日本のレーベル、Zero Dimensional Recordsからの発売。

鬱ブラックにはSHININGやFORGOTTEN TOMBなどを始めとして、豪速や激遅などの極端なリズムに頼り切らない、ロック的なリズムを取り入れたバンドも少なくないですが、大雑把に言えばこのバンドもそんな中の一つですね。ロックのダイナミズムを取り入れたリズム構成、ハードロック的な意匠の取り入れられたアレンジが、妙に血の通った絶望感を演出する音。部分的に取り入れられた女性ヴォーカルによるクリーンも、楽曲に漂う不条理なムードを強調。

何気にこのアルバム、音質がかなりヘヴィなんですよね。特にブラックの生々しさを残しつつ、低音の効いたギターの音色がインパクトあります。鬱ブラらしい感情を込めつつも、ドスを効かせるべき箇所ではブルデスのヴォーカル並に野蛮な響きを帯びるデス声とも相俟って、威圧的な雰囲気。このヘヴィさと、ロック要素を取り入れたバンド特有の、揺らすようなリズムが合わさると、酩酊感すら覚えるんですよね。どす黒い音の、その真ん中にいるような臨場感を味合わせるような音。
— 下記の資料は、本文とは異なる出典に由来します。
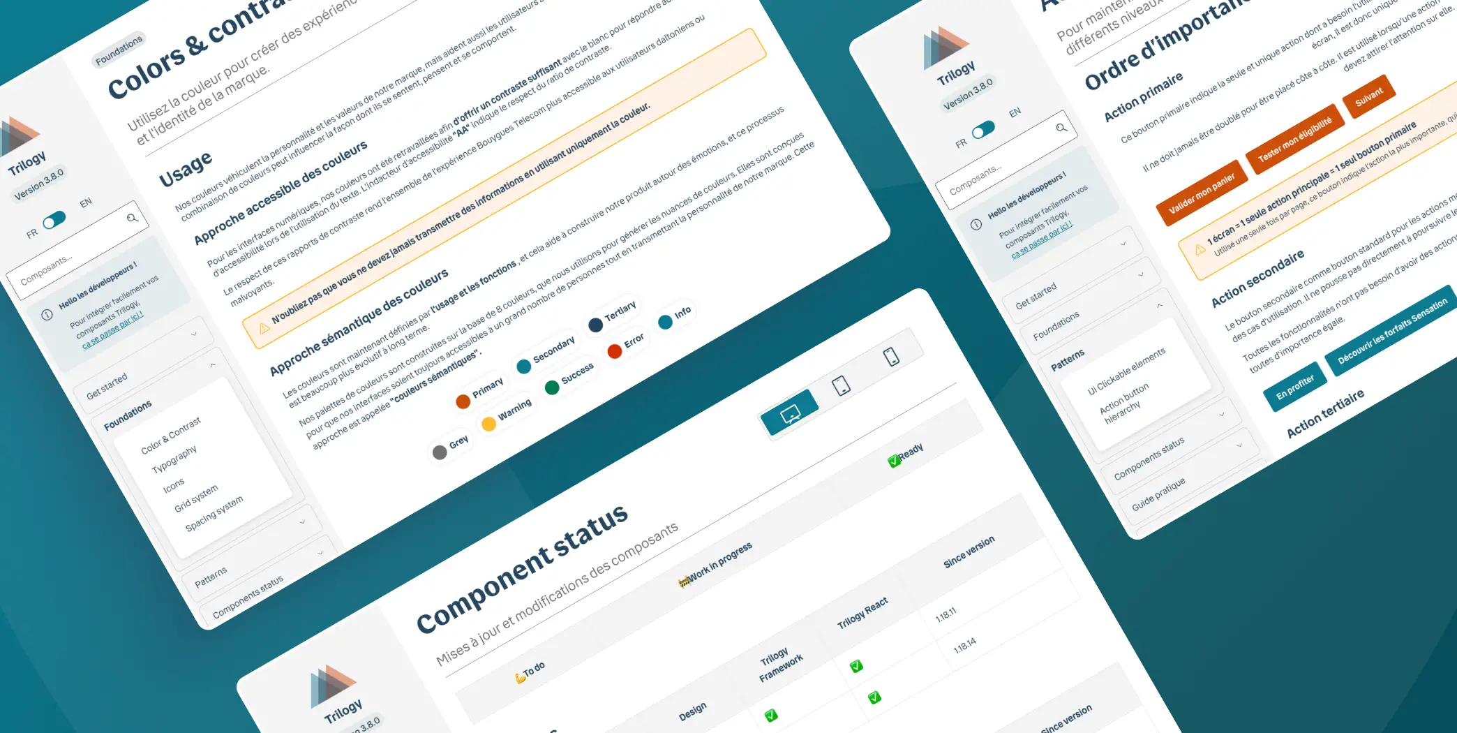 Le rapport d'étonnement a posé les bases d'une stratégie claire : consolider avant d'étendre. Une recommandation qui a guidé toute la mission et permis de construire un système vraiment solide. Aujourd'hui, Trilogy est un produit à part entière : Design System de référence de Bouygues Telecom, documentation en ligne comme source unique de vérité, cohérence graphique et technique garantie sur l'ensemble des interfaces. Un système vivant, adopté par toutes les équipes, qui continue de s'enrichir et d'évoluer dans la durée.

ロックのリズムを取り入れたが故の、メリハリのある楽曲構成、ヘヴィさも軽視しない音作り、女性ヴォーカルの導入など、ある意味「聴きやすさ」を覚える音かもしれませんが、鬱ブラックとしての陰鬱さをしっかり残しているのもまた良いんですよね。特に腐食を広げるような、鬱感情で塗り潰すようなトレモロのメロディは、鬱ブラックを好んで聴いているようなリスナーならば問答無用で心を動かされるはず。これがあるからこそ、作品全体がピリッとした緊張感を保っているんじゃないでしょうか。

宗教的な邪悪さというよりは、感情の生々しさを描写する事に重きを置いたような作品だと思いますので、その手が好きであればお勧め。ちなみにCDトレイを外したところのアートワークが結構キテるので注意です(笑)。